**Work item:** Without the pictures, reproduce the records that follow exactly.

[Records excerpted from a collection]
==*==

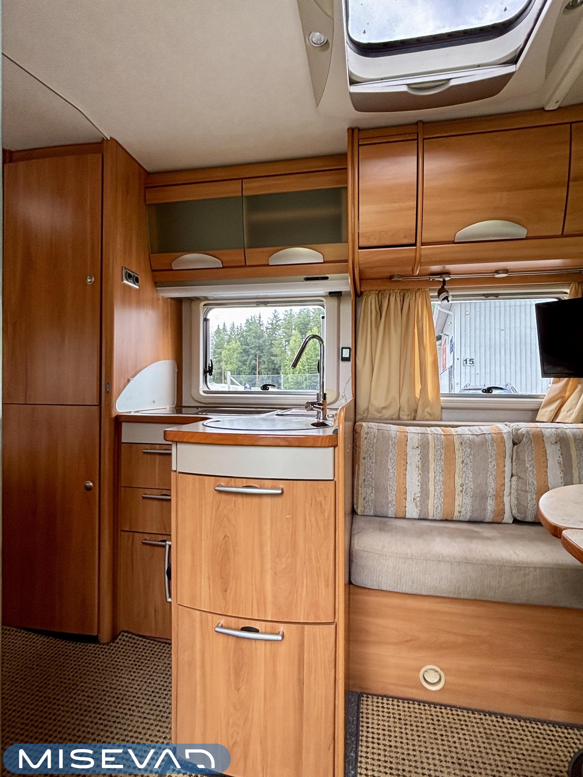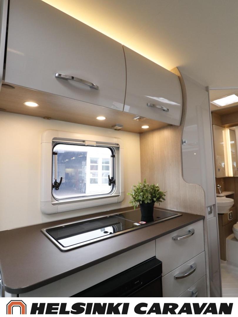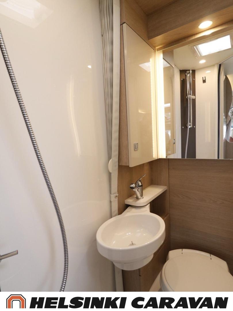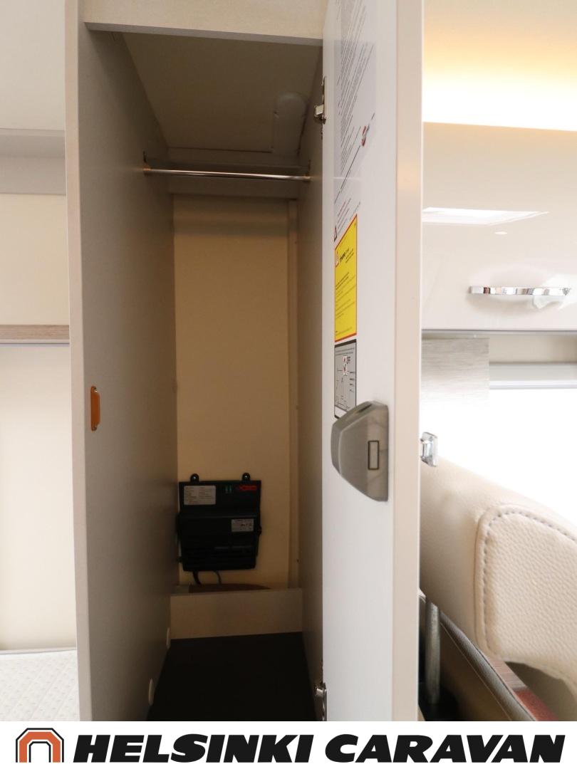 Lattialämmitys (sähkö), Lattiamatot asunto-osassa, Jääkaappi, Kasetti WC, Kasettiverhot, Kattoluukku, Markiisi, Pysäköintikamera, Radio, Suihku, Pesuallas, Liesi, Airbag, ABS-jarrut, Ajonvakautusjärjestelmä, Ajotietokone, Sähkökäyttöiset ikkunat, Sähköpeilit, Sähkörappu, Trumatic, Bluetooth, Ilmastointi ajotilassa, Keskuslukitus: Kaukosäätöinen, Lämminvesiboileri, Ohjaustehostin, Pakastelokero, Parivuode, Vakionopeudensäädin
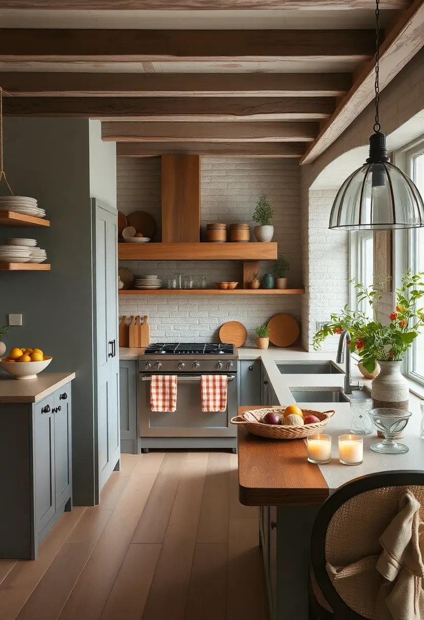 - Reclaimed Wood: Use salvaged timber for shelving or countertops that tells a story.
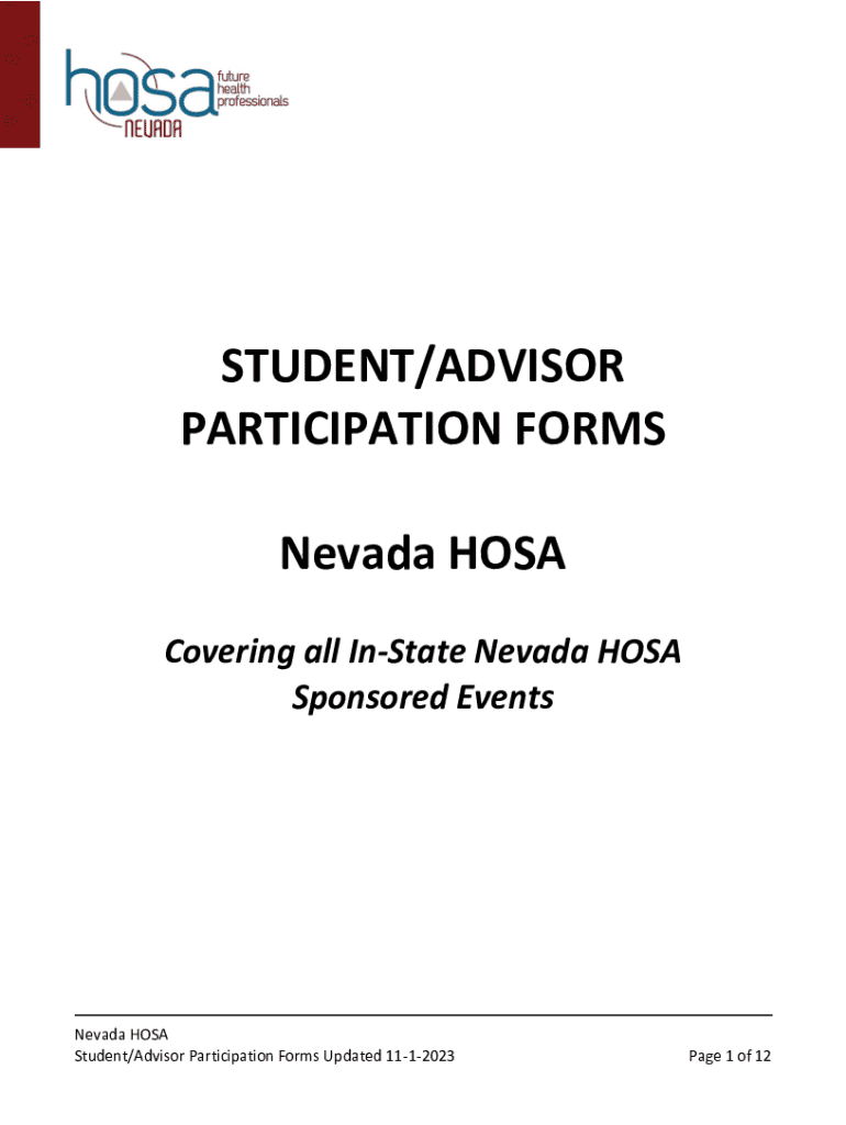 Get the free Nevada HOSA Participant and Advisor Forms 11-5-2023 V2
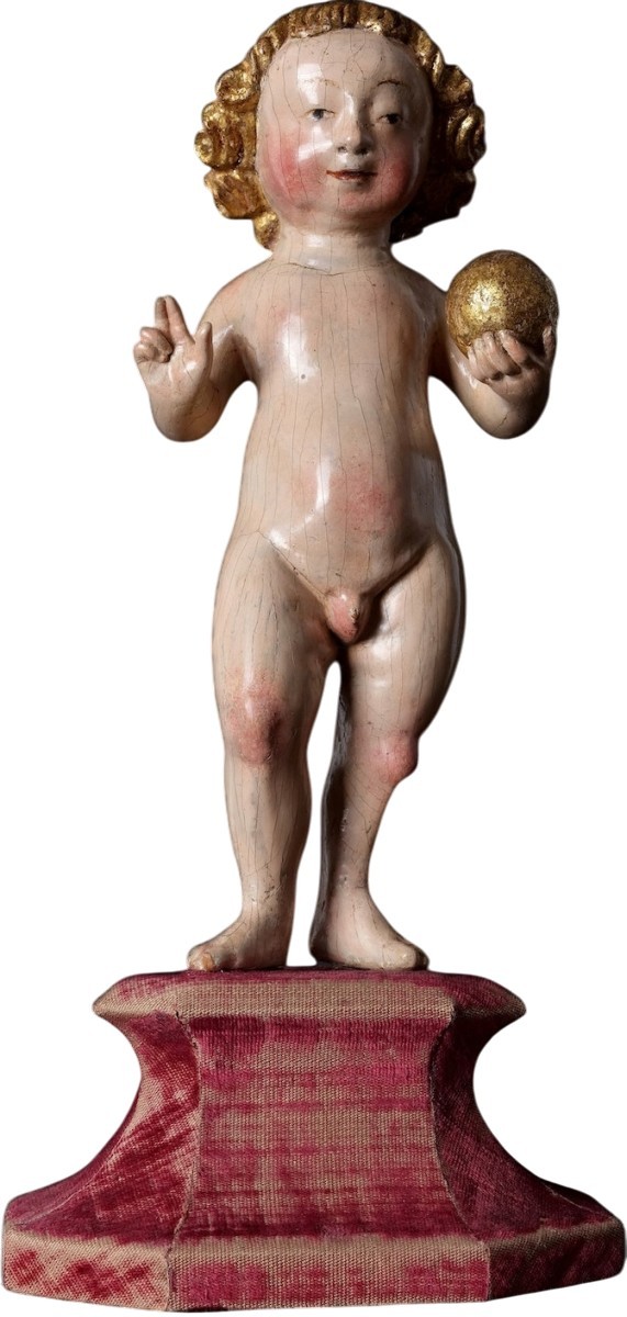 An important comparable piece is now in the Louvre in Paris (inv. no. RF 2009.05). There, too, the child is depicted unclothed and standing in contrapposto, with a gesture of blessing and a globe. The close stylistic relationship can be seen in particular in the flatly laid calotte hairstyle and the curls that stand out at the sides in volutes.
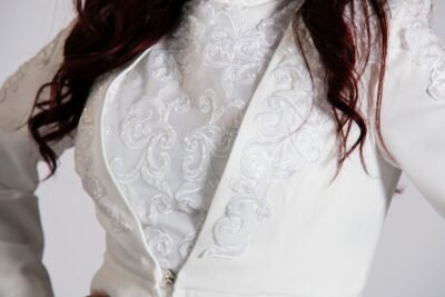 - Overskirt: Draped from the waist for a floral-inspired silhouette
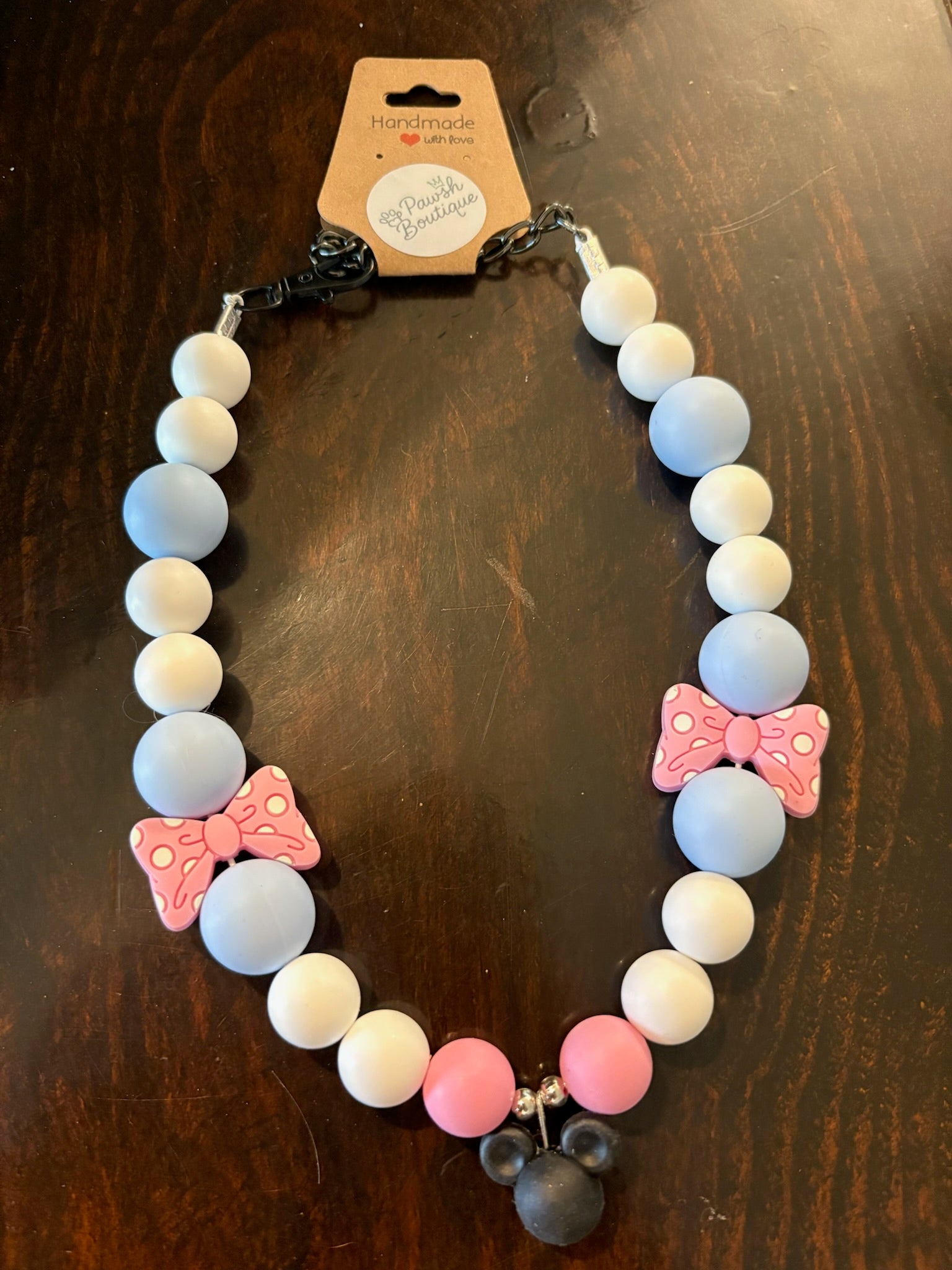 This collar brings all the nostalgia and charm with soft pastels, pink bows, and the cutest little mouse detail. Perfect for your magical sidekick! 💫🐾

==*==

**Reply:**
 Lattialämmitys (sähkö), Lattiamatot asunto-osassa, Jääkaappi, Kasetti WC, Kasettiverhot, Kattoluukku, Markiisi, Pysäköintikamera, Radio, Suihku, Pesuallas, Liesi, Airbag, ABS-jarrut, Ajonvakautusjärjestelmä, Ajotietokone, Sähkökäyttöiset ikkunat, Sähköpeilit, Sähkörappu, Trumatic, Bluetooth, Ilmastointi ajotilassa, Keskuslukitus: Kaukosäätöinen, Lämminvesiboileri, Ohjaustehostin, Pakastelokero, Parivuode, Vakionopeudensäädin
 - Reclaimed Wood: Use salvaged timber for shelving or countertops that tells a story.
 Get the free Nevada HOSA Participant and Advisor Forms 11-5-2023 V2
 An important comparable piece is now in the Louvre in Paris (inv. no. RF 2009.05). There, too, the child is depicted unclothed and standing in contrapposto, with a gesture of blessing and a globe. The close stylistic relationship can be seen in particular in the flatly laid calotte hairstyle and the curls that stand out at the sides in volutes.
 - Overskirt: Draped from the waist for a floral-inspired silhouette
 This collar brings all the nostalgia and charm with soft pastels, pink bows, and the cutest little mouse detail. Perfect for your magical sidekick! 💫🐾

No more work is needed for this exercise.